A creation made of beasts and bone, chained to one soul through the slow collapse of centuries. He is built to live forever; with every rebirth, she dies before she ever learns his name.

The Thing was not born, but assembled, bound to a grotesque body that cannot age and a memory that cannot forget. He is careful with the world, as though it bruises easily, and the world responds with torches raised in search of his monstrous form. Centuries pass over him, denying him the mercy of death as lives are lived and lost around him. Every life is eventually swallowed by memory, except one.

Bound to him at his creation, she becomes the marrow of his existence. She moves through him like breath and blood, until her death drains him hollow. Without her, his endless life becomes a slower death, until, in time, she returns to him in another body.

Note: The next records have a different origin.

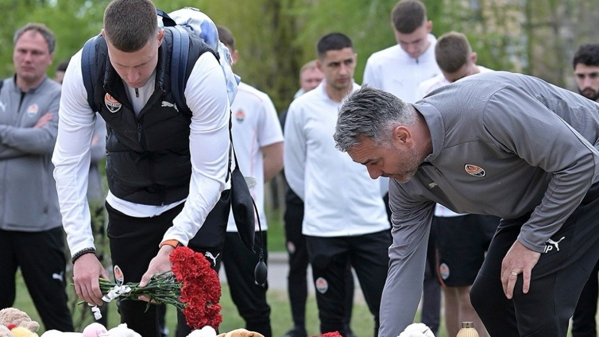 Представники донецького клубу – гравці, тренери та керівництво – вирушили до місця, де російська ракета влучила в житловий район 4 квітня. Там вони вшанували памʼять загиблих, серед яких було девʼятеро дітей. Учасники делегації поклали квіти та вшанували загиблих хвилиною мовчання.
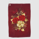 La composition de deux roses rouges artistiquement peintes et d'un rose doré, décoré d'or, feuilles de bijoux sur arrière - plan texturé.
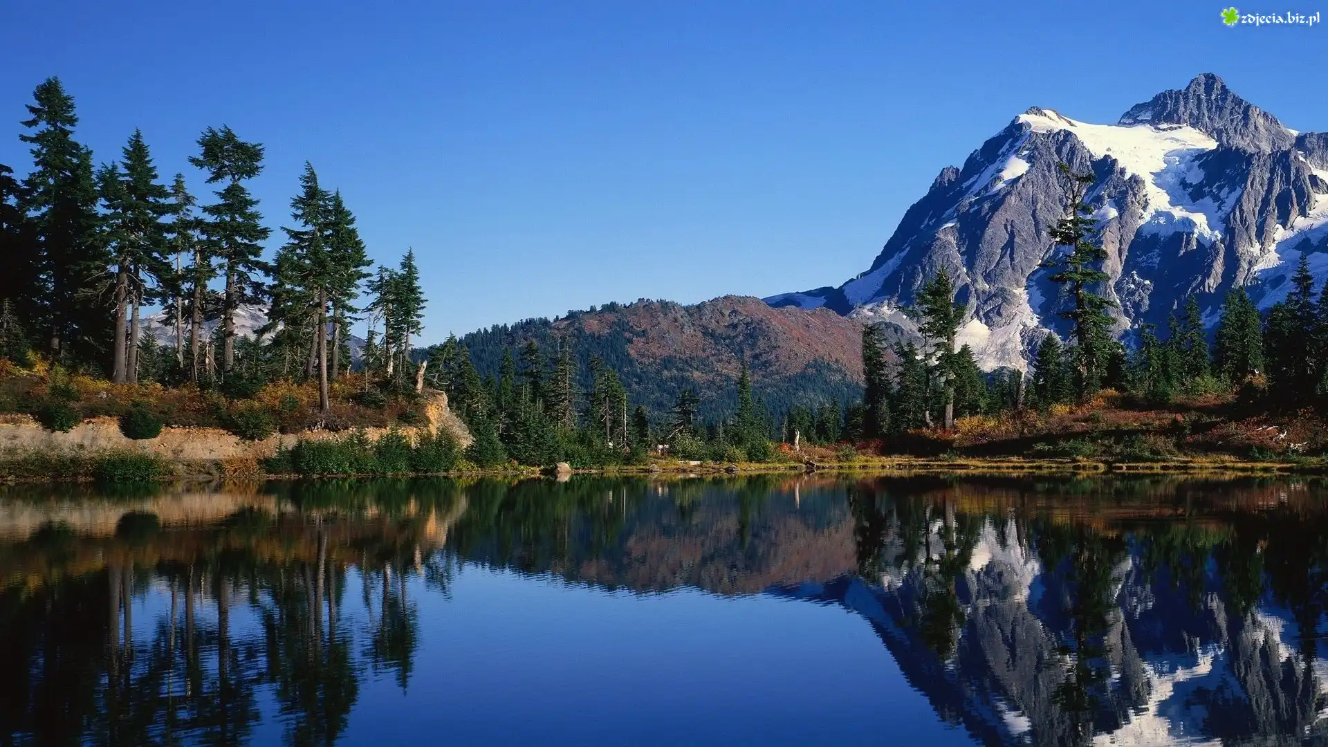 Zdjęcie Jezioro, Ośnieżone, Góry, Drzewa, Iglaki
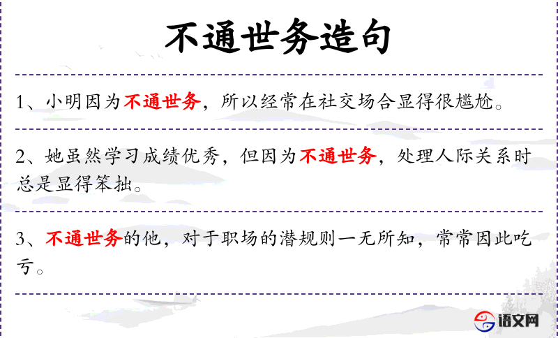 - 不通世务:不谙世事、不识时务
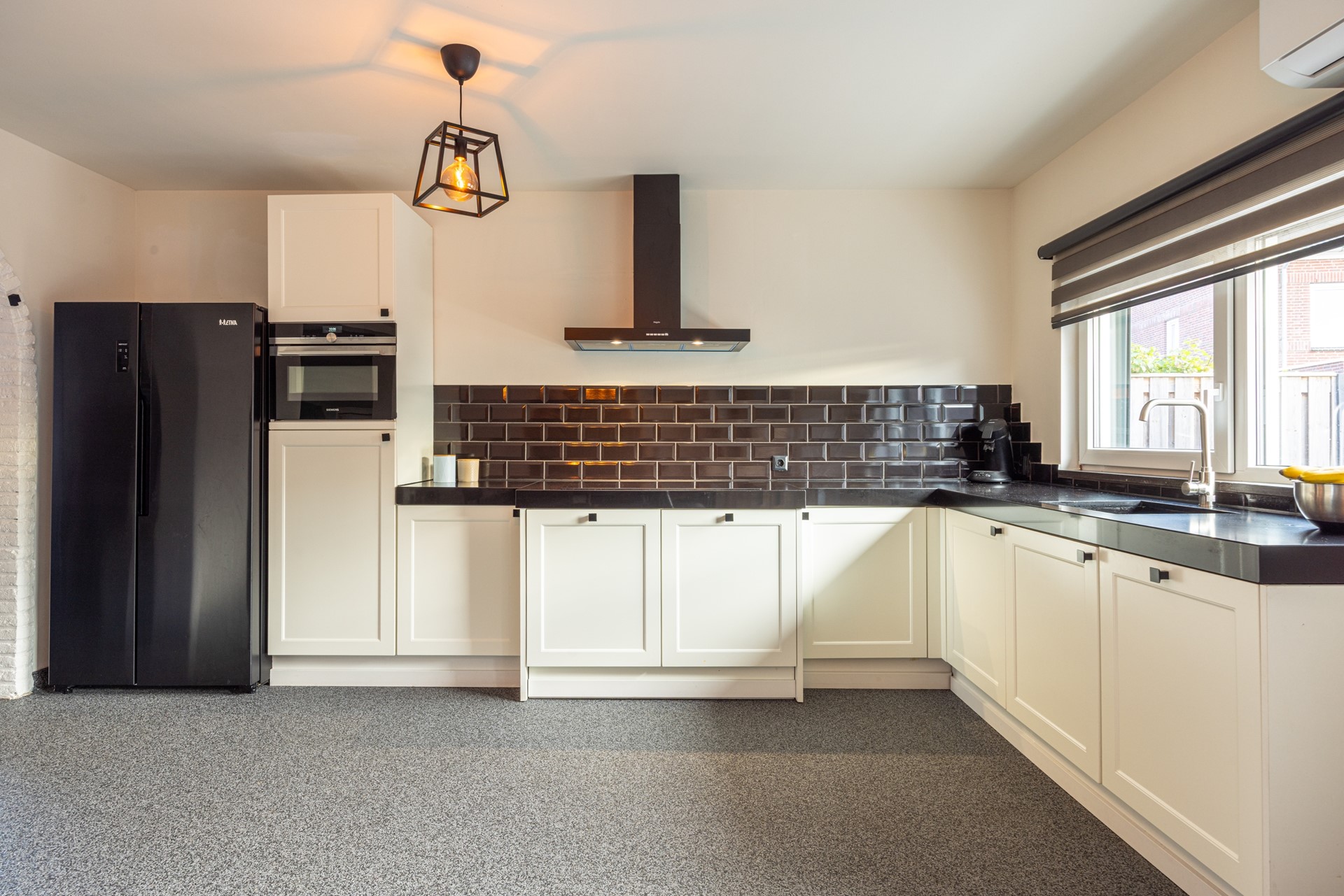 De open leefkeuken aan de achterzijde vormt het hart van de woning. De hoekopstelling biedt volop werk- en bergruimte en is uitgerust met alle wenselijke inbouwapparatuur, waaronder een inductiekookplaat met vijf zones, een combi-heteluchtoven, een Amerikaanse koelkast met vriezer en een vaatwasser. Ook hier is een airco aanwezig die kan verwarmen en koelen. Via de dubbele openslaande deuren stroomt het daglicht binnen en is er direct toegang tot de achtertuin met verwarmd zwembad.
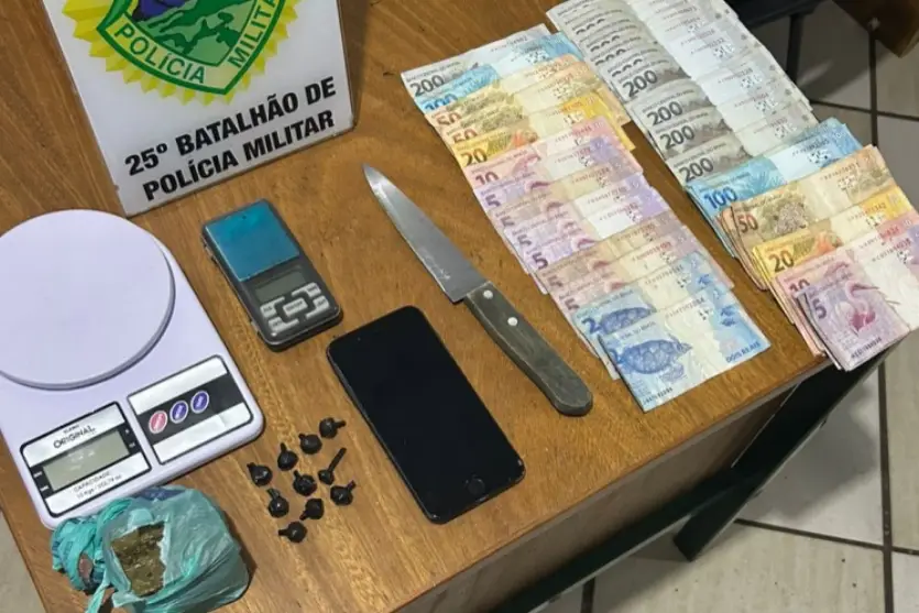No local, as autoridades apreenderam 143,9 gramas de maconha, 6,9 gramas de cocaína, além de R$ 8.314 em dinheiro, distribuídos por diversos pontos da residência. Também foram encontrados dois aparelhos de balança de precisão e uma faca. A substância encontrada na casa do suspeito estava acondicionada de forma semelhante àquela em posse do primeiro abordado, confirmando a prática de tráfico.
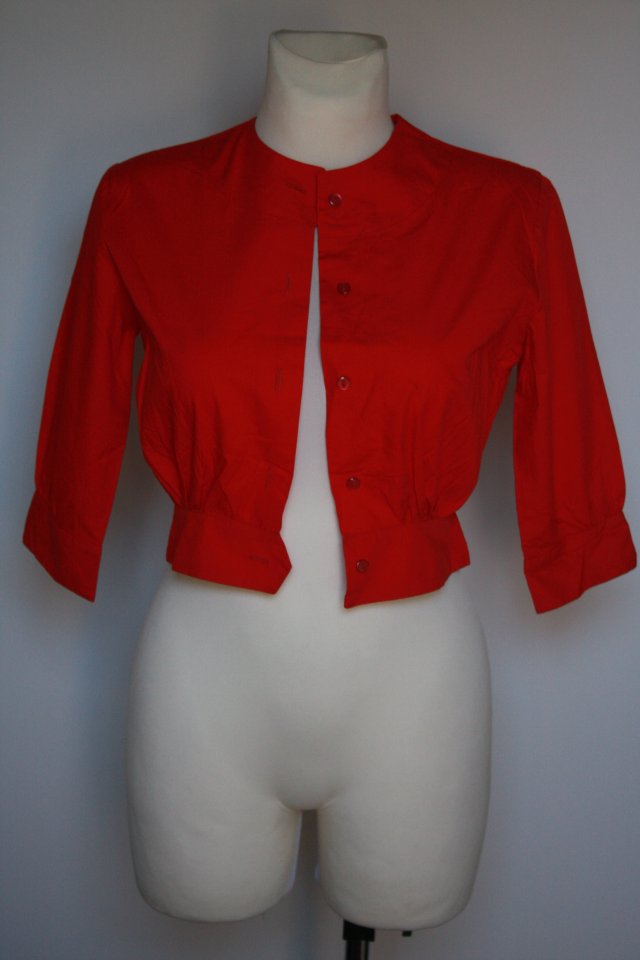 mocno czerwone cienkie króciutkie wdzianko vintage zapinane na guziki, rękawy do łokcia zapinane na guzik, brak metki ze składem, materiał lekko sztywniejszy

Across her many lives, she is given back to him in fragments, death reclaiming her too soon after each brief encounter. His devotion desperate and unfinished, he carries the accumulation of her lives, while her memory of him slips away with each severance. Three hundred years after his creation, she appears again in a coastal town of mid-nineteenth-century New England, steeped in fog and decay.

This time, she is not taken.

Eliza is born into a world of privilege sharpened into cruelty, where perfection is demanded, obedience is enforced, and women are conditioned to endure it with gratitude. Vivid, untamed, and alive, her ferocity tears through the careful order of her world when she encounters a creature who finally recognizes her hunger. Centuries of loss and longing break open between them, violent in their release, separation reclaimed by mutual obliteration. Consumed by an attachment marrow-deep, what remains cannot survive their closeness without consequence.

A novel in progress

If You See Them Smiling

A creature that wears a human smile, animated by parasitic mimicry and hollowed by hunger. To a solitary man, instinct is mistaken for intimacy, and imitation passes for humanity where nothing is alive.

Bodies vanish and answers rarely follow in the Louisiana bayou. Beneath the swamp, thick with rot and heat, lurks a creature that pulls its mouth into a human smile, its jaw opening and closing in practiced ways to mimic the voices of its prey. Their shapes appear human enough until closeness collapses the illusion, revealing a body corrupted by water and rot, its sinuous form no longer meant for land. What moves beneath its skin is an infestation of parasitic life, wearing a stolen body with nothing living at its center. In place of what was once human, it performs humanity with enough precision to invite trust from someone who recognizes intensity as intimacy. What it cannot feel, it has learned to imitate, and what it imitates, he believes.

Émile moves softly through his days without urgency or direction. His life has narrowed to slow routines and long silences following the burial of his wife in the early years of the twentieth century. Where purpose has fallen away, feeling remains, tender, earnest, and alone, though his gentleness does not soften what presses beneath it. An intense, desperate, and unclaimed hunger with no mouth to feed. When he encounters a strange woman in the heart of the bayou who reflects his loneliness back to him, he believes he has been fed.

His unanswered need finally recognized, he gives himself without restraint.

Her imitations disrupted by his intensity, her attention binds to him by instinct.

As she closes in, he empties himself willingly, letting her take him apart in the name of devotion until being consumed becomes survival itself. He feeds himself to her piece by piece, and as he withers, her eating grows intimate, appetite made affection. Their shared hunger begins to feel dangerously like love answering love, as though something inside her might be learning to be real.